• Prompt
Please reproduce the listing word for word. Pictures stay out.

• Information
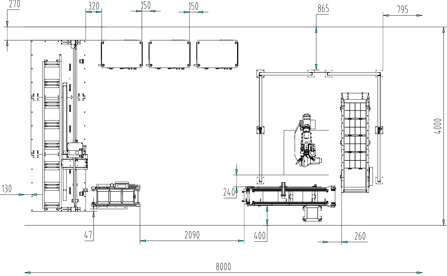 本設(shè)備共包括:工業(yè)機(jī)器人及控制柜、PLC?控制柜、托盤流水線、物品盒擺放流水線、AGV?小車等。比賽所用場(chǎng)地為?4m×8m,如圖?2-1?所示為裝備之間的大致布局,現(xiàn)場(chǎng)安裝時(shí)并不一定嚴(yán)格按照?qǐng)D中所標(biāo)尺寸安裝,允許有所變動(dòng)。在安裝時(shí)需要注意以下事項(xiàng):
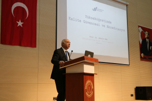 Programda daha sonra Yükseköğretim Kalite Kurulu Başkanı Prof. Dr. Muhsin Kar “Yükseköğretimde Kalite Güvencesi ve Akreditasyon” konulu bir konferans verdi. YÖKAK Başkanı Prof. Dr. Kar yapmış olduğu sunumda öncelikle kalite güvencesinin artan önemine ve modern bir kavram olarak kalite kavramına değindi. Kalitenin çok boyutlu bir kavram olduğunun altını çizen YÖKAK Başkanı Prof. Dr. Kar, nitelik farklılıklarının artmasının kalite kavramının öneminin artışına neden olduğunu belirtti.
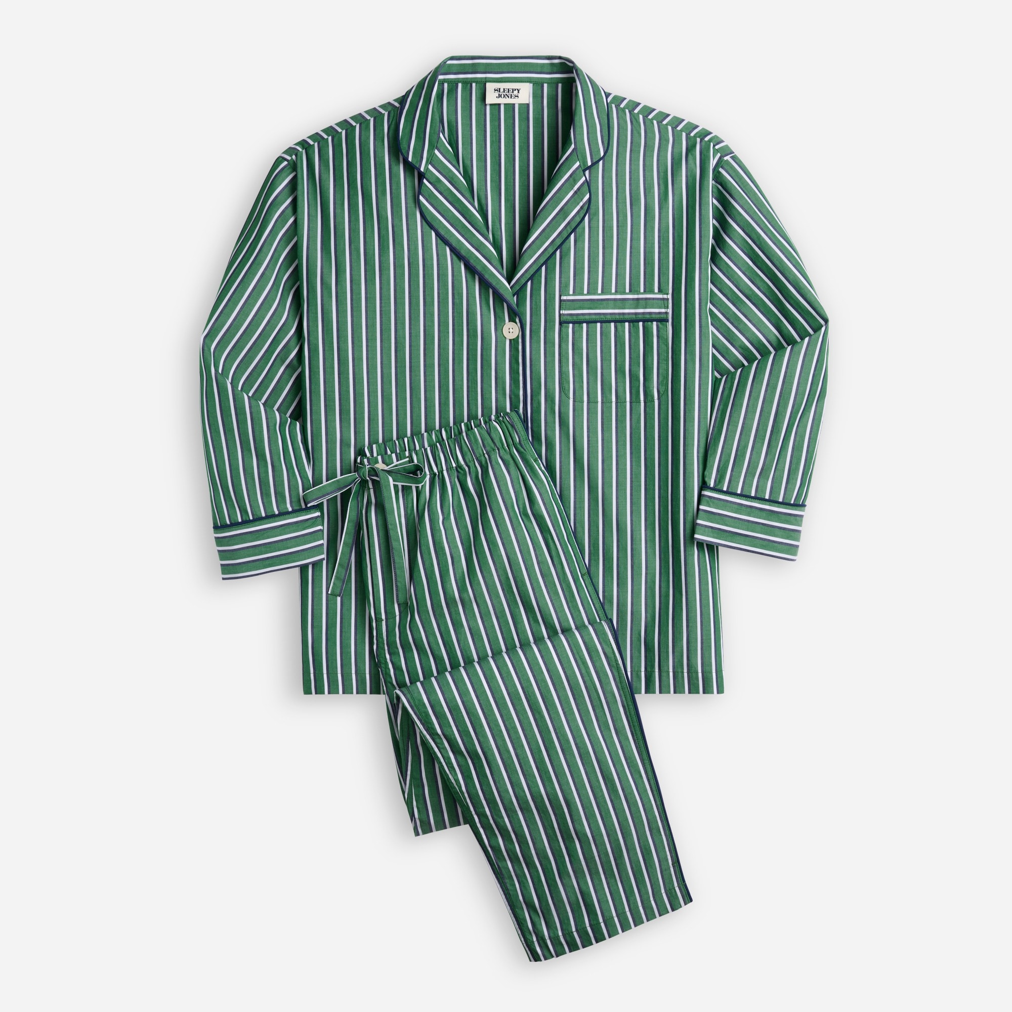 Sleepy Jones exists to help people rest and unplugu0026mdash;in order to reconnectu0026mdash;with ideas, creativity and with others. Our classic Marina pajama set is designed to be worn inside or outside of the bedroom. The top is comfortably oversized with a chest pocket and piping at the placket, cuffs and pocket. The pant has two side pockets, a button fly and an adjustable drawstring at the waist, plus slim piping along the outside seams. Made in a supersoft, fine cotton fabric.
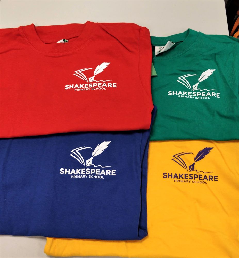 Kid's cotton T-shirt. Screen-printed for Shakespeare Primary School. Available in house colours (red, green, blue & yellow).
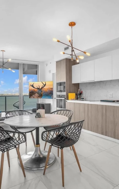 Enjoy spectacular views of Biscayne Bay and 5-star amenities in this elegant 2-bedroom, 2-bathroom condo. Featuring luxurious finishes throughout, including upgraded floors and Miele stainless steel appliances, built-out walk-in closet, floor-to-ceiling hurricane impact windows and sliders, full size washer and dryer in unit, and elevator leading directly into a private foyer. Biscayne Beach offers an array of 5-star amenities, such as two pools, cabanas, a beach club, two tennis courts, and a basketball court. Stay fit with a bay-view fitness gym, take advantage of the dog park, or unwind at the spa and beauty salon. Additional conveniences include a business center, BBQ area, and much more, ensuring a lifestyle of luxury and comfort.
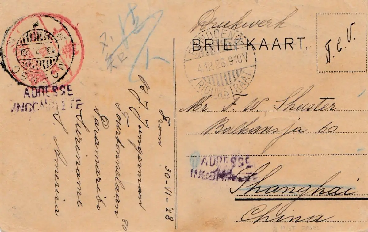 Pays-Bas: 1928: Briefkaart - Imprimer après Shanghai
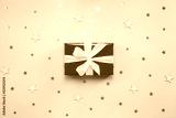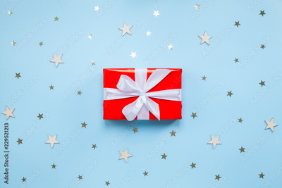 Gift box with white bow on blue background

• Solution to this task
 本設(shè)備共包括:工業(yè)機(jī)器人及控制柜、PLC?控制柜、托盤流水線、物品盒擺放流水線、AGV?小車等。比賽所用場(chǎng)地為?4m×8m,如圖?2-1?所示為裝備之間的大致布局,現(xiàn)場(chǎng)安裝時(shí)并不一定嚴(yán)格按照?qǐng)D中所標(biāo)尺寸安裝,允許有所變動(dòng)。在安裝時(shí)需要注意以下事項(xiàng):
 Programda daha sonra Yükseköğretim Kalite Kurulu Başkanı Prof. Dr. Muhsin Kar “Yükseköğretimde Kalite Güvencesi ve Akreditasyon” konulu bir konferans verdi. YÖKAK Başkanı Prof. Dr. Kar yapmış olduğu sunumda öncelikle kalite güvencesinin artan önemine ve modern bir kavram olarak kalite kavramına değindi. Kalitenin çok boyutlu bir kavram olduğunun altını çizen YÖKAK Başkanı Prof. Dr. Kar, nitelik farklılıklarının artmasının kalite kavramının öneminin artışına neden olduğunu belirtti.
 Sleepy Jones exists to help people rest and unplugu0026mdash;in order to reconnectu0026mdash;with ideas, creativity and with others. Our classic Marina pajama set is designed to be worn inside or outside of the bedroom. The top is comfortably oversized with a chest pocket and piping at the placket, cuffs and pocket. The pant has two side pockets, a button fly and an adjustable drawstring at the waist, plus slim piping along the outside seams. Made in a supersoft, fine cotton fabric.
 Kid's cotton T-shirt. Screen-printed for Shakespeare Primary School. Available in house colours (red, green, blue & yellow).
 Enjoy spectacular views of Biscayne Bay and 5-star amenities in this elegant 2-bedroom, 2-bathroom condo. Featuring luxurious finishes throughout, including upgraded floors and Miele stainless steel appliances, built-out walk-in closet, floor-to-ceiling hurricane impact windows and sliders, full size washer and dryer in unit, and elevator leading directly into a private foyer. Biscayne Beach offers an array of 5-star amenities, such as two pools, cabanas, a beach club, two tennis courts, and a basketball court. Stay fit with a bay-view fitness gym, take advantage of the dog park, or unwind at the spa and beauty salon. Additional conveniences include a business center, BBQ area, and much more, ensuring a lifestyle of luxury and comfort.
 Pays-Bas: 1928: Briefkaart - Imprimer après Shanghai
 Gift box with white bow on blue background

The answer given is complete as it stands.